Géométrique et enfantine. Torturée et vivace aussi. C’est ce qu’on pourrait dire de la peinture de Mathieu Bernard Martin. Enfant des années 1980, Mathieu Bernard Martin s’appelle également Mathieu Garret et pratique l’art sous toutes ses formes, comme une façon d’être au monde. D’une vie commencée à Paris, il navigue vers Sydney et la Chine et butine dans la culture de ses ancêtres pour la resservir avec des relents de rock’n’roll. De ses partis pris, on retiendra les mots suivants: « Representing things the way they are/ ain’t no fancy process.¹ »

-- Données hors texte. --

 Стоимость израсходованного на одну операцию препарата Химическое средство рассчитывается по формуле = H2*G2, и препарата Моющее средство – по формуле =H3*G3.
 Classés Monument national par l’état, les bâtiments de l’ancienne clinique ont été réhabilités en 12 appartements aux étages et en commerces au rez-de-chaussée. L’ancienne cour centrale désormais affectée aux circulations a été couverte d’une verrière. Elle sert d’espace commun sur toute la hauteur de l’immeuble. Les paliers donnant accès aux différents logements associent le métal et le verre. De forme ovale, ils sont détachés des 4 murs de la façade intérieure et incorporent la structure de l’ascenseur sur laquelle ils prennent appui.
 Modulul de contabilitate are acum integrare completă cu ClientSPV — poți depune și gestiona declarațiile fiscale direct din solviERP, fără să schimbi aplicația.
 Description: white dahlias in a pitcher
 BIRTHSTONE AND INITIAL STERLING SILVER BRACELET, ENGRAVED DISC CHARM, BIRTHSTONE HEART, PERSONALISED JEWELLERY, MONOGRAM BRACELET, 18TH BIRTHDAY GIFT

Son style, massif et éloquent, évoque puissamment celui de Basquiat. La naïveté des formes et l’évidence des couleurs sont les signes d’une énergie jaillissante, d’une réelle maîtrise de l’expressivité.

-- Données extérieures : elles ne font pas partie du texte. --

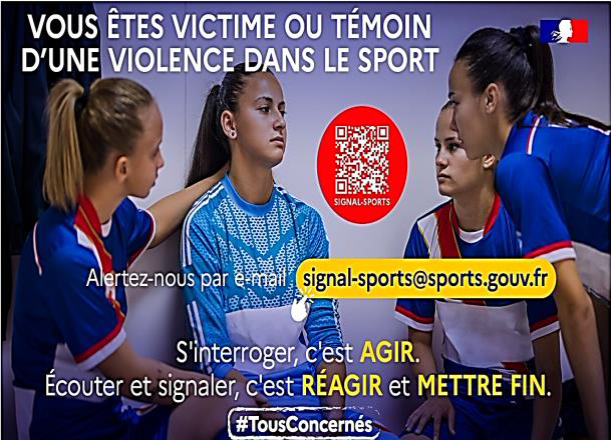 En cas de violence, victime ou témoin, vous pouvez signaler les faits à : signal-sports@sports.gouv.fr
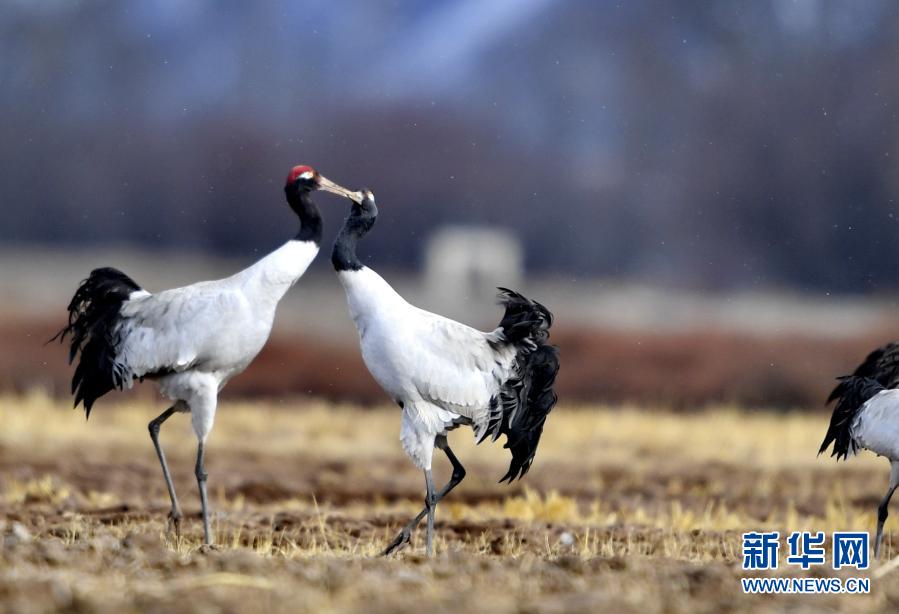 在林周县黑颈鹤自然保护区里拍摄的黑颈鹤(3月14日摄)。
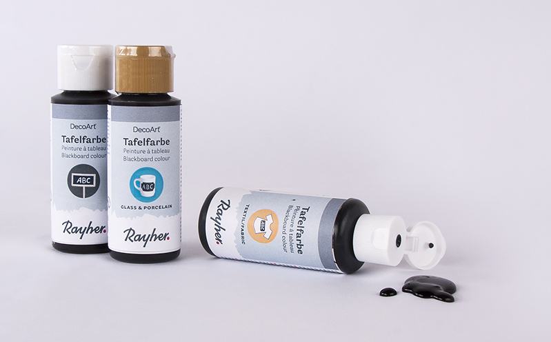 Gestalte dir deine eigene Tafel. Mit unserer Tafelfarbe erhältst du im Nu beschreibbare und wieder abwischbare Flächen. Ist der Untergrund schon mit Acrylfarbe bemalt? Trag einfach unseren transparenten Tafellack drüber und fertig ist deine wiederbeschreibbare Fläche. Besonders originell: bestreich Stoffflächen mit „Tafelfarbe Textil“ und mach dein Lieblings-T-Shirt zum echten Hingucker.
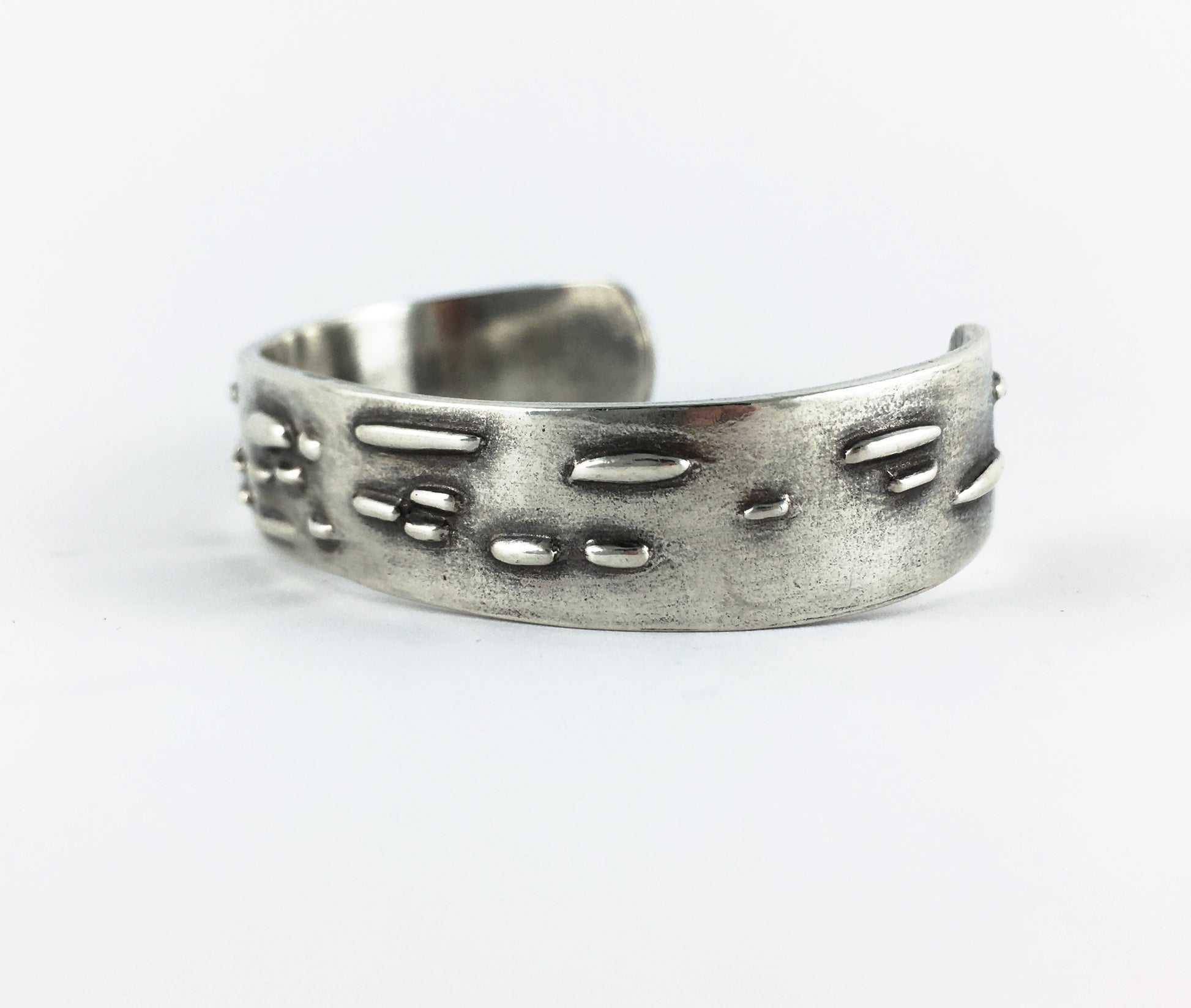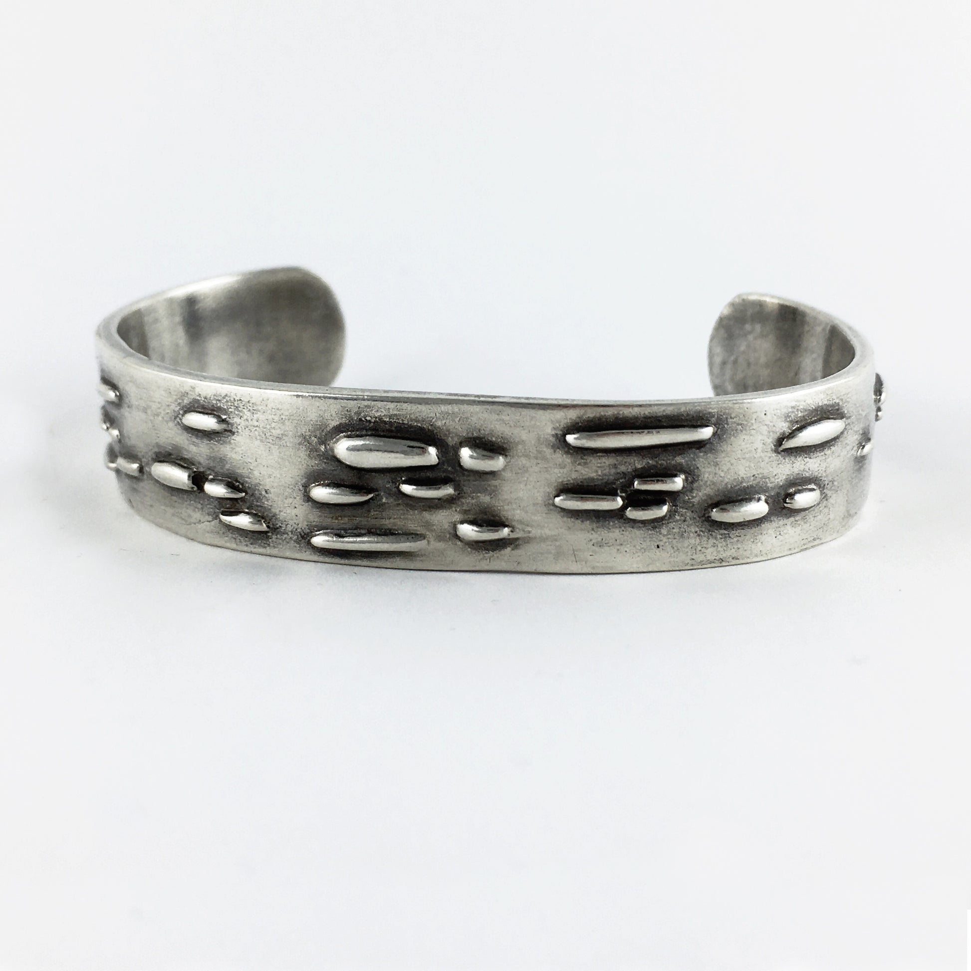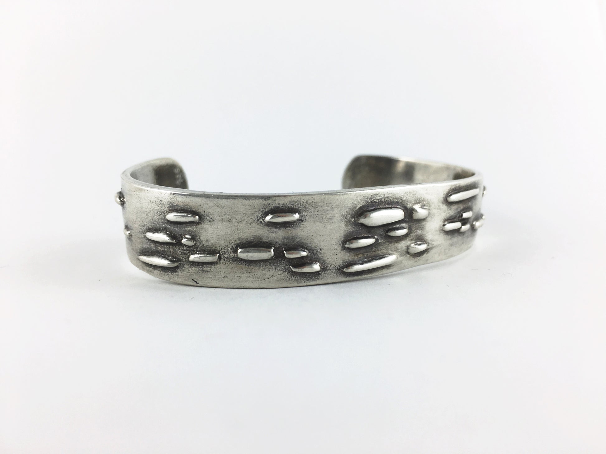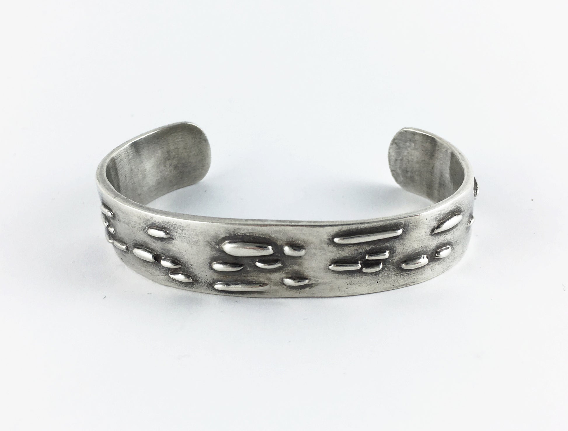 Hand textured and cast in Sterling Silver and oxidized to enhance the depth and detail. This cuff is substantial enough for larger wrists, and also looks great on a more delicate arm.

¹ « Représenter les choses comme elles sont/n’a rien d’une démarche sophistiquée.«
Mathieu Bernard Martin, Whoring Time ©
Mathieu Bernard Martin, Untitled, 2011, acrylic on paper 65 x 50 cm ©
Ses toiles, on le sent d’emblée, sont le terrain d’une guerre entre vide et plein. Le canevas comme symbole du néant, d’un gouffre angoissant d’inexistence. Les armes du peintre: son trait épais, ses aplats de couleurs vives et les quelques mots presque illisibles dont on ne sait s’ils légendent l’image où l’illustrent, au sens où ils ne seraient que l’écho d’un discours violent mais vain (adiction, unexpel²ed, untrusty,deadly…)². Car le coeur de l’objet peint est l’humain. Des visages déstructurés d’où émergent des yeux expressifs (Sugar Joe, Ramblin Tribe, Ma2moi…), des os, de la chair gonflée jusqu’à la démesure (Camelia). L’observateur se retrouve embarqué dans un voyage au-delà du tableau, dans une zone intime et dérangeante.
² addiction, non-exclu, in-fidèle, mortel…

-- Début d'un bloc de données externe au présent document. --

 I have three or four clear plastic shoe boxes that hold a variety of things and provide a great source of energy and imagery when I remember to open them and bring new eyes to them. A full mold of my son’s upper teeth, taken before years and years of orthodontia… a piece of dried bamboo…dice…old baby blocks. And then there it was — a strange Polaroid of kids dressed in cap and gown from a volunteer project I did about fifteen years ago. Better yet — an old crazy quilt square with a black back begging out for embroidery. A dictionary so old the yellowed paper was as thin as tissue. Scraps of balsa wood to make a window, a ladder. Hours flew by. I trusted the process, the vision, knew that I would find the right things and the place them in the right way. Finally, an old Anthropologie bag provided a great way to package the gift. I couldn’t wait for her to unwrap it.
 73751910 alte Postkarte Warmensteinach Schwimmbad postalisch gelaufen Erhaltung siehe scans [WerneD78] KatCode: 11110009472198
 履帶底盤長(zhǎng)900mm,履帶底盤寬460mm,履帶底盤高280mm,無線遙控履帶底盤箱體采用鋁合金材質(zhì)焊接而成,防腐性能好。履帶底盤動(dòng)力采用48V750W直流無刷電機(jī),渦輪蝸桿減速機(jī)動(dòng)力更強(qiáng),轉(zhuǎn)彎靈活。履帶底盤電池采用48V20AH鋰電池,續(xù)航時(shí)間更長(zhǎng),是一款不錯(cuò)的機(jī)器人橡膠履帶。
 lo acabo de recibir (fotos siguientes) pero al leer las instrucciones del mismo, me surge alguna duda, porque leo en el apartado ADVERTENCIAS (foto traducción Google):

Mathieu Bernard Martin, Unexpelled Semantic, 2011, acrylic pastel and oil paintstick on wood support 85 x 70 cm ©
Mathieu Bernard Martin, Truth is Self Portrait ©
Mathieu Bernard Martin, The Wildness of Water, 2011, mixed media on paper 65 x 50 cm ©
Mathieu Bernard Martin, Sugar Joe, 2011, acrylic oil paintstick and pastel on paper 65 x 50 cm ©
On sent une sorte de désinvolture ironique dans le rapport de Mathieu Bernard Martin au monde qui l’entoure. Le peintre, parce qu’il est dans une démarche artistique et non morale ou simplement rhétorique, peut à la fois peindre un tableau empli de cynisme comme Sheep by Hand ou Hospital Art Curator et nous enchanter par son traitement, nous inciter à voir plus loin que la critique : un lieu privilégié de la Beauté. Celle qui n’est pas douce, celle qui n’est pas belle. Celle qui fascine depuis toujours:
Je suis belle, ô mortels! comme un rêve de pierre,
Et mon sein, où chacun s’est meurtri tour à tour,
Est fait pour inspirer au poète un amour
Eternel et muet ainsi que la matière.
Je trône dans l’azur comme un sphinx incompris;
J’unis un coeur de neige à la blancheur des cygnes;
Je hais le mouvement qui déplace les lignes,
Et jamais je ne pleure et jamais je ne ris.
Les poètes, devant mes grandes attitudes,
Que j’ai l’air d’emprunter aux plus fiers monuments,
Consumeront leurs jours en d’austères études;
Car j’ai, pour fasciner ces dociles amants,
De purs miroirs qui font toutes choses plus belles:
Mes yeux, mes larges yeux aux clartés éternelles!